Gaze following to distant space has been documented in many species and is considered a basic response found in many taxa. Dogs may present a special case as the researchers found evidence that they are able to follow human gaze to objects such as food or toys, but not for the comparatively simpler task of following gaze into distant space.

Two possible reasons were offered to explain this phenomenon: One reason could be habituation. Dogs lose their innate gaze following response as they age, as they are frequently exposed to human gaze cues over their lifespan and slowly stop responding to them. Another reason could be formal training such as obedience, agility, and trick training may interfere with the dogs’ response to gaze cues, since dogs are usually trained to look at the owner, to wait for commands and ignore distractions.

What influences dogs’ gaze following response to human gaze cues?

Lead author Lisa Wallis and her colleagues at the Vetmeduni Vienna investigated 145 Border Collies aged 6 months to 14 years in the Clever Dog Lab in order to address the question of whether habituation, and/or training influences dogs’ gaze following response, and to determine, for the first time, how this ability changes over the course of a dog’s life by comparing groups of dogs of different ages. 

Dogs of all ages are able to follow human gaze

The scientists tested two groups of dogs with differing amounts of formal training over their lifespan. Both groups participated firstly in a test and control condition, where their initial gaze following performance was measured. The experimenter obtained the dogs’ attention using its name and the command “watch” after which the experimenter turned her head swiftly to look at the door of the testing room in the test condition, or looked down to the floor next to her feet in the control condition. If the dogs responded by looking at the door within two seconds in the test condition but did not look at the door in the control condition, a gaze following response was recorded.

Dogs’ tendency to follow human gaze is influenced by training for eye contact
Lisa Wallis with a Border Collie in the test room. (Photo: Clever Dog Lab / Vetmeduni Vienna)

Lisa Wallis with a Border Collie in the test room. (Photo: Clever Dog Lab / Vetmeduni Vienna)

The dog follows Wallis' gaze to the door. (Photo: Clever Dog Lab / Vetmeduni Vienna)

The dog follows Wallis’ gaze to the door. (Photo: Clever Dog Lab / Vetmeduni Vienna)

 

 

 

 

 

 

 

 

 

Dogs which had a higher amount of formal training over their lifespan showed a lower gaze following response compared to dogs with little or no training. Similarly, short-term training also decreased dogs’ gaze following response and increased gaze to the human face.

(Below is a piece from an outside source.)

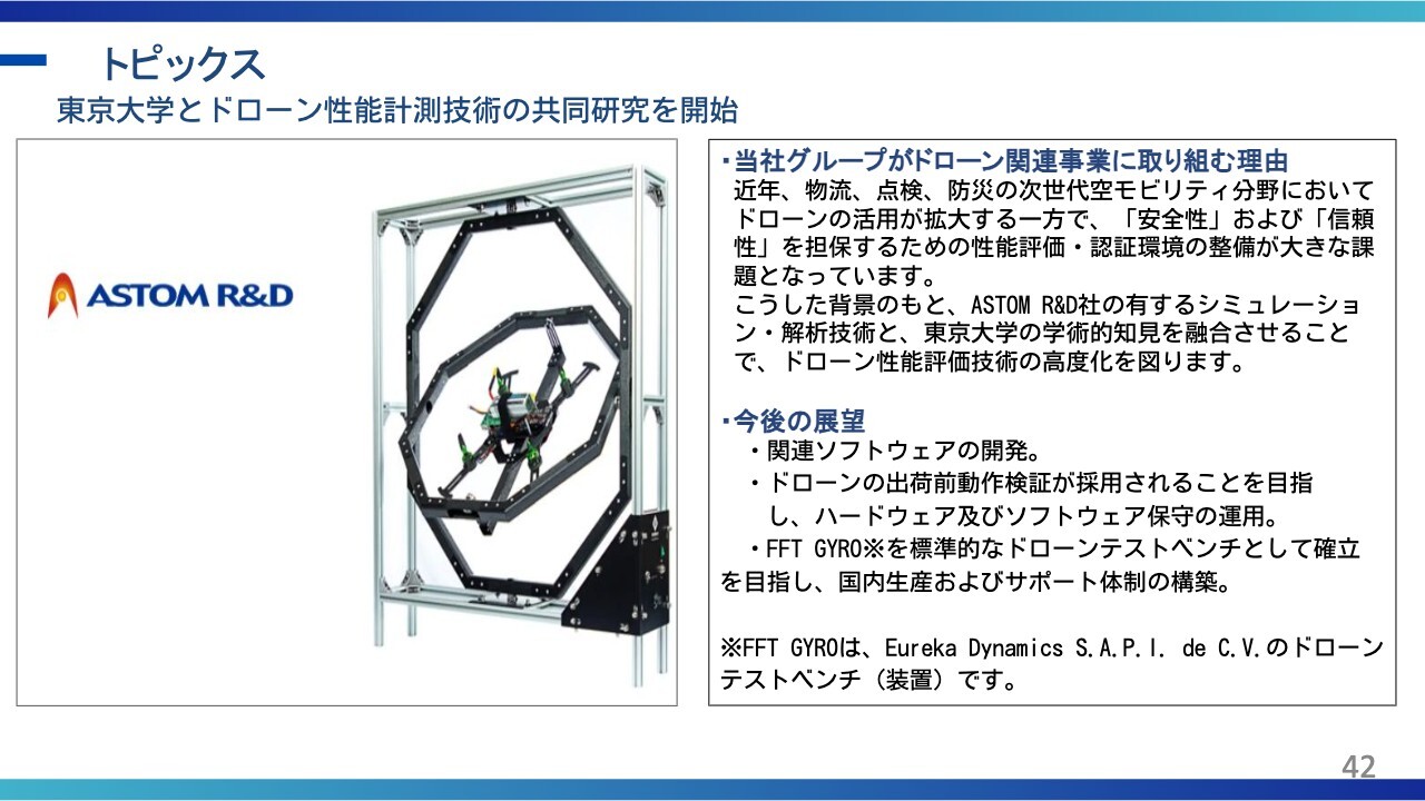 小塚:現時点では、全体のP/L(損益計算書)に影響を与えるほどの規模にはなっていません。ただ、ドローンはご存知の通り、小型・大型を問わず成長産業であることは間違いありません。
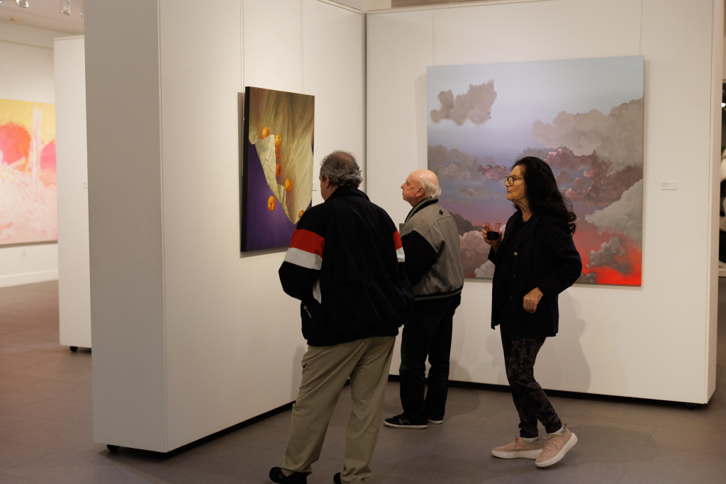 We started our evening at the Americas Collection, one of the art galleries that survived the diaspora. It occupies a large space on South Ponce, a half block up from Nordstrom, and participates in every Gallery Night. As the name implies, proprietor Sylvia Ortiz specializes in artists from Central and South America. The show on the evening we attended (and through March) was called “Hues of Desire” in honor of Valentine’s Day; lady visitors were offered a rose and a chocolate dipped strawberry. The exhibit featured dreamy cloud paintings by Gables-based artist Liv Dockerty and still-life paintings by Chilean artist Francisco Mery, among others.

The authors conclude that formal training had a stronger influence than aging or habituation on dogs’ gaze following response. This may explain why previous studies have failed to find a gaze following response when cues to distant space are used, and why in comparison to other species dogs perform relatively poorly in this task. The fact that the experimenter used strong attention-getting cues and provided contextual relevance by looking at a door may have also contributed to the positive results found in this study.

“From a very young age dogs have experience with doors when they live in human homes. The dogs develop an understanding that at any time an individual may enter the room, and therefore doors hold special social relevance to dogs”. – says Lisa Wallis.

In her current project, together with her colleague Durga Chapagain, Wallis is investigating the effects of diet on cognitive aging in older dogs. The scientists are still looking for dog owners who would like to participate in that long-term study (food is provided for free).

This research has been published in the journal Animal Behaviour.